**Required action**
Output each entry verbatim and exclude every picture from it.

··· The input ···

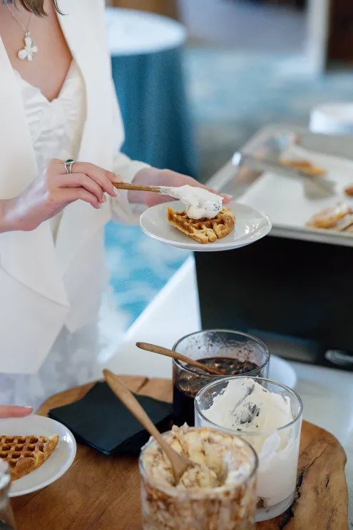 Sweet treats were a major highlight, with miniature confections from LILA Cake Shop and a statement cake by Laura Marie Cakes. Aly Rose Beauty provided on-site hair and makeup for the California Wedding Day team, while Justin Critz Photography and Titus & Jo captured every elegant detail. Yours Socially documented all the fun behind-the-scenes content of the morning, sharing the celebration as it unfolded.
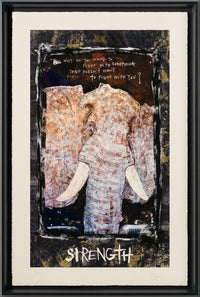 The image of the elephant holds personal relevance for Depp. This artwork is derived from a large-scale painting Johnny created in London while expecting the birth of his first child, Lily-Rose, with Vanessa Paradis. Inspired by the maternal instincts he saw in Paradis during her first steps into motherhood, and reflecting on his own approaching fatherhood, Depp picked up his paintbrushes and depicted the creature on canvas, exploring ideas of inner strength. As he said, he felt that “a veil was lifted” when he became a parent for the first time.
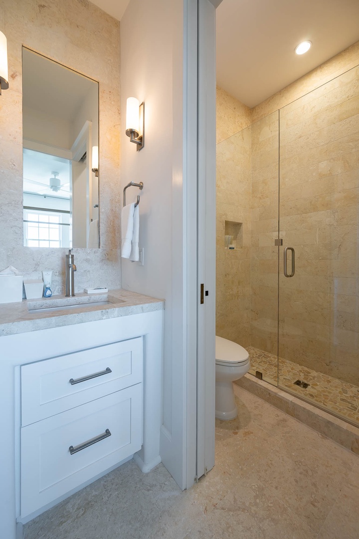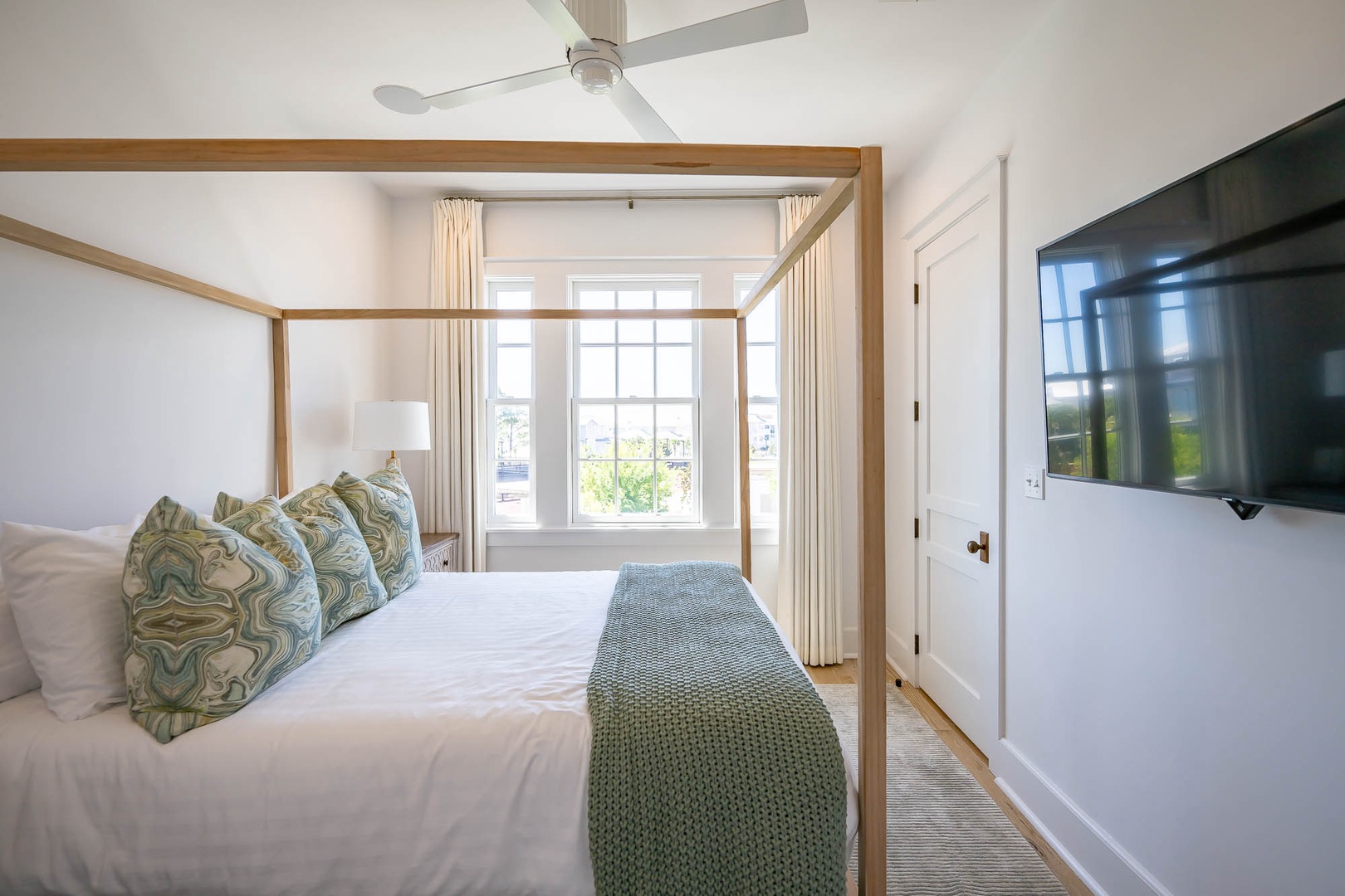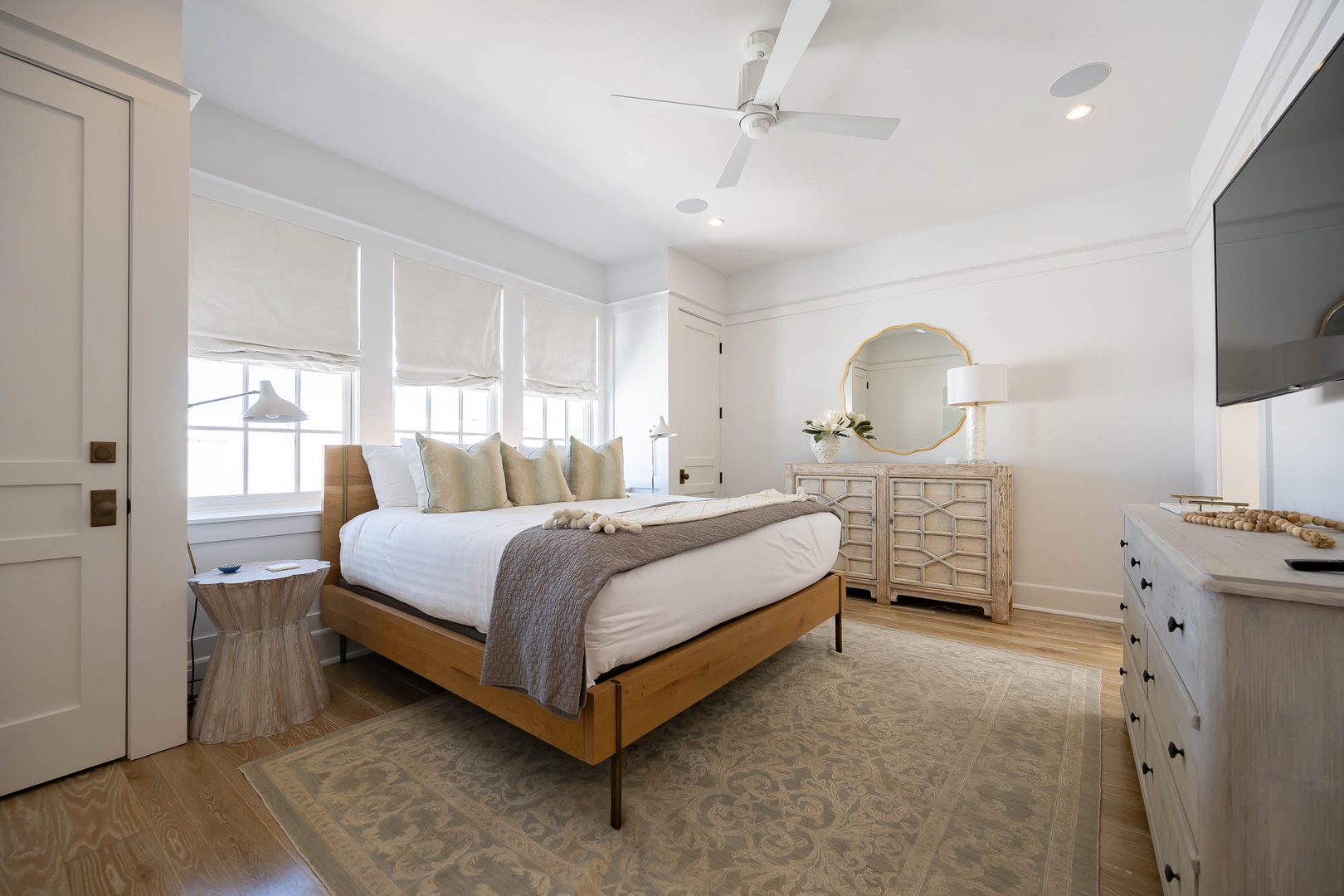 This lovely vacation rental home is ideally situated adjacent to ZUMA Wellness Center. The Caliza pool complex as well as Town Center are just a short walk away. Guests will find the spacious family room, dining area and kitchen located on the main level. A bedroom with a queen-sized bed and private bath as well as the primary suite with a king-sized bed and private bath is found up the main stairs. The third bedroom with a king-sized bed and private bath is detached from the main house and found across the private courtyard. Parking for this home is in a one-car garage and a designated space across from the home.
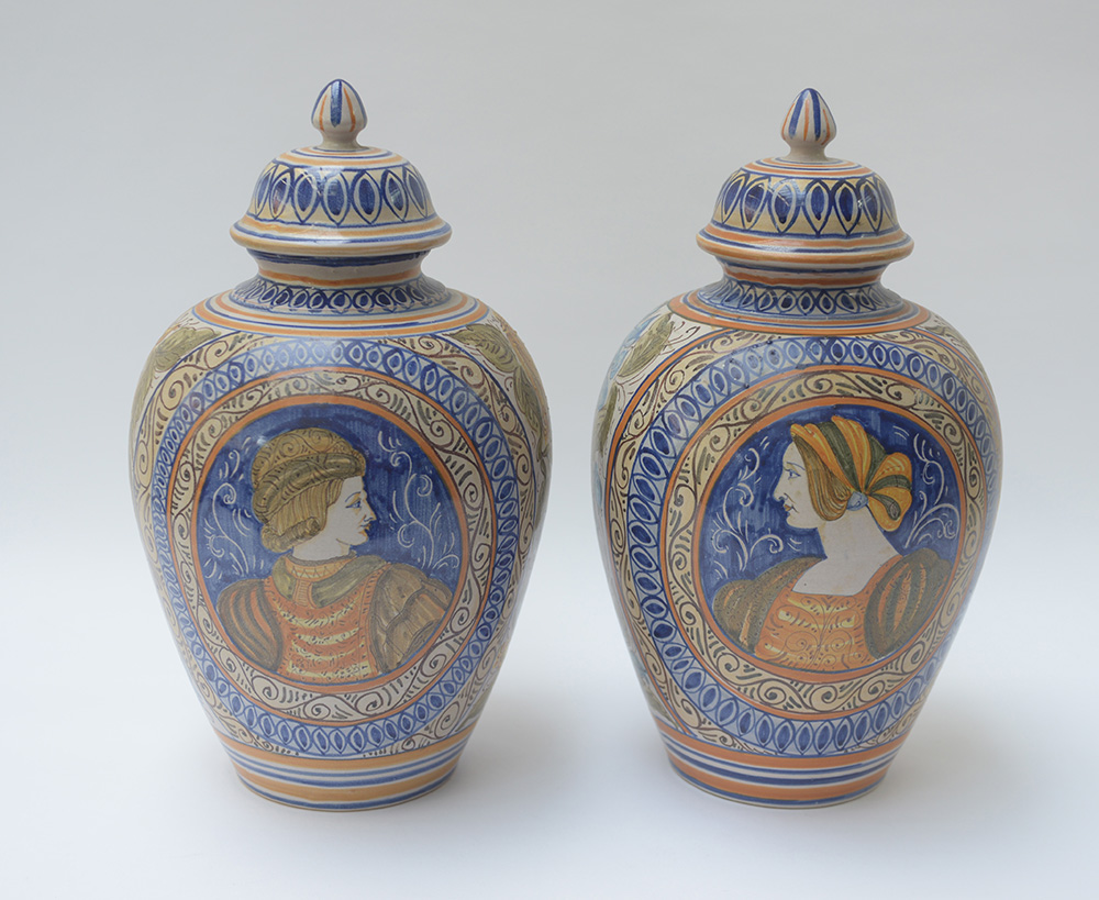 Manifattura di Castelli, coppia di potiches in ceramica dipinta in policromia a decori Neorinascimentali con medaglioni raffiguranti ritratti, maschili e femminili, di profilo. Firmati sotto la base (h cm 45)
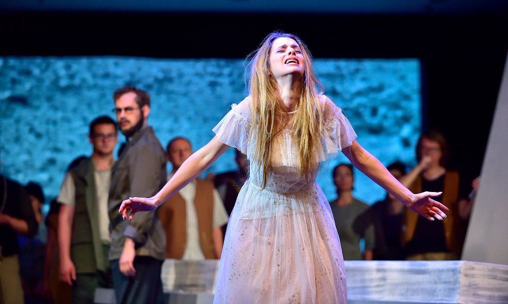 Heureusement, ce que l’on entend atténue grandement les éventuelles frustrations. Pas complètement, certes, parce que quelques bavures aux cuivres, des relâchements de la prononciation qui rendent le français exotique, un flottement synonyme de décalage dans le chœur, des imperfections qui sont la rançon du spectacle vivant. Malgré la remarque précédente, justement, le chœur mérite de très vifs éloges tant il semble se soucier des nuances relatives au sens et aux situations. Sans être parfaite, sa prononciation du français n’est pas rédhibitoire. Dans le petit rôle d’Aufide Xiang Xu a la clarté qu’on lui connaît. La Marie d’Albane Carrère a l’assurance de ceux pour qui la voie est claire ; la voix le semble aussi, bien qu’elle soit présentée comme mezzosoprano, surtout aux côtés de celle d’Elisa Balbo, une Anai aussi gracieuse que possible mais dont la voix, pour notre goût, manque de la douceur que nous associons au personnage. Au premier acte, quand elle doit chanter fort, des stridences se profilent dans le suraigu, mais au dernier acte, dans le duo avec Aménophis, elle traite son air en véritable rondo, et résout avec brio vocalises et agilités, pour le plaisir d’un public qui le lui fait savoir. Il convient d’ailleurs de signaler que tous les ensembles, duos, quatuor ou quintette, sont des réussites musicales, tant par le mariage des timbres que par la précision de l’exécution.
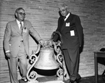 T. E. Erwin of Dallas, left, Austin College '94, and Dr. Cecil H. Lang, '12, executive secretary of the Dallas Presbytery, examine the bell set up on the Austin College Campus. Published in Fort Worth Star-Telegram morning edition May 26, 1952.
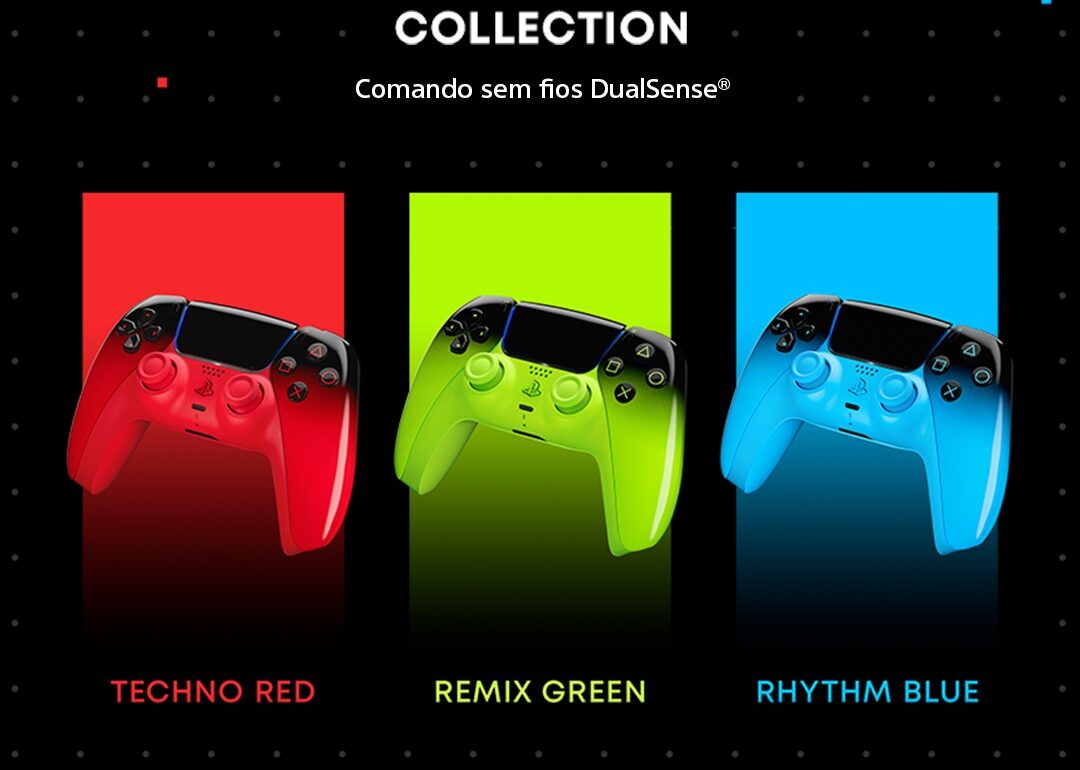 A Sony Interactive Entertainment Portugal (SIEP) anuncia que o comando sem fios DualSense já está disponível em três novas cores (Remix Green, Rhythm Blue e Techno Red), tanto nos pontos de venda habituais, como na PlayStation Direct, por um PVP recomendado de 84,99€.
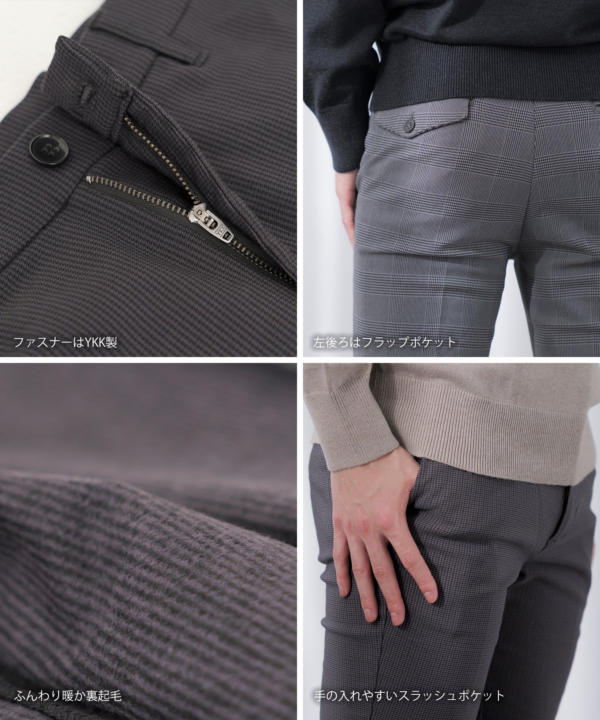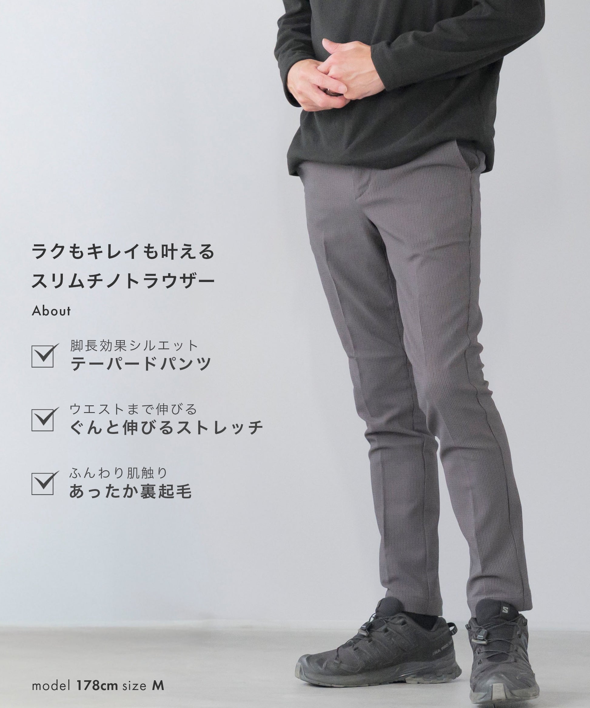 [AWC] 裏起毛 スリム チノ トラウザー パンツ

···

**Task response**
 Sweet treats were a major highlight, with miniature confections from LILA Cake Shop and a statement cake by Laura Marie Cakes. Aly Rose Beauty provided on-site hair and makeup for the California Wedding Day team, while Justin Critz Photography and Titus & Jo captured every elegant detail. Yours Socially documented all the fun behind-the-scenes content of the morning, sharing the celebration as it unfolded.
 The image of the elephant holds personal relevance for Depp. This artwork is derived from a large-scale painting Johnny created in London while expecting the birth of his first child, Lily-Rose, with Vanessa Paradis. Inspired by the maternal instincts he saw in Paradis during her first steps into motherhood, and reflecting on his own approaching fatherhood, Depp picked up his paintbrushes and depicted the creature on canvas, exploring ideas of inner strength. As he said, he felt that “a veil was lifted” when he became a parent for the first time.
 This lovely vacation rental home is ideally situated adjacent to ZUMA Wellness Center. The Caliza pool complex as well as Town Center are just a short walk away. Guests will find the spacious family room, dining area and kitchen located on the main level. A bedroom with a queen-sized bed and private bath as well as the primary suite with a king-sized bed and private bath is found up the main stairs. The third bedroom with a king-sized bed and private bath is detached from the main house and found across the private courtyard. Parking for this home is in a one-car garage and a designated space across from the home.
 Manifattura di Castelli, coppia di potiches in ceramica dipinta in policromia a decori Neorinascimentali con medaglioni raffiguranti ritratti, maschili e femminili, di profilo. Firmati sotto la base (h cm 45)
 Heureusement, ce que l’on entend atténue grandement les éventuelles frustrations. Pas complètement, certes, parce que quelques bavures aux cuivres, des relâchements de la prononciation qui rendent le français exotique, un flottement synonyme de décalage dans le chœur, des imperfections qui sont la rançon du spectacle vivant. Malgré la remarque précédente, justement, le chœur mérite de très vifs éloges tant il semble se soucier des nuances relatives au sens et aux situations. Sans être parfaite, sa prononciation du français n’est pas rédhibitoire. Dans le petit rôle d’Aufide Xiang Xu a la clarté qu’on lui connaît. La Marie d’Albane Carrère a l’assurance de ceux pour qui la voie est claire ; la voix le semble aussi, bien qu’elle soit présentée comme mezzosoprano, surtout aux côtés de celle d’Elisa Balbo, une Anai aussi gracieuse que possible mais dont la voix, pour notre goût, manque de la douceur que nous associons au personnage. Au premier acte, quand elle doit chanter fort, des stridences se profilent dans le suraigu, mais au dernier acte, dans le duo avec Aménophis, elle traite son air en véritable rondo, et résout avec brio vocalises et agilités, pour le plaisir d’un public qui le lui fait savoir. Il convient d’ailleurs de signaler que tous les ensembles, duos, quatuor ou quintette, sont des réussites musicales, tant par le mariage des timbres que par la précision de l’exécution.
 T. E. Erwin of Dallas, left, Austin College '94, and Dr. Cecil H. Lang, '12, executive secretary of the Dallas Presbytery, examine the bell set up on the Austin College Campus. Published in Fort Worth Star-Telegram morning edition May 26, 1952.
 A Sony Interactive Entertainment Portugal (SIEP) anuncia que o comando sem fios DualSense já está disponível em três novas cores (Remix Green, Rhythm Blue e Techno Red), tanto nos pontos de venda habituais, como na PlayStation Direct, por um PVP recomendado de 84,99€.
 [AWC] 裏起毛 スリム チノ トラウザー パンツ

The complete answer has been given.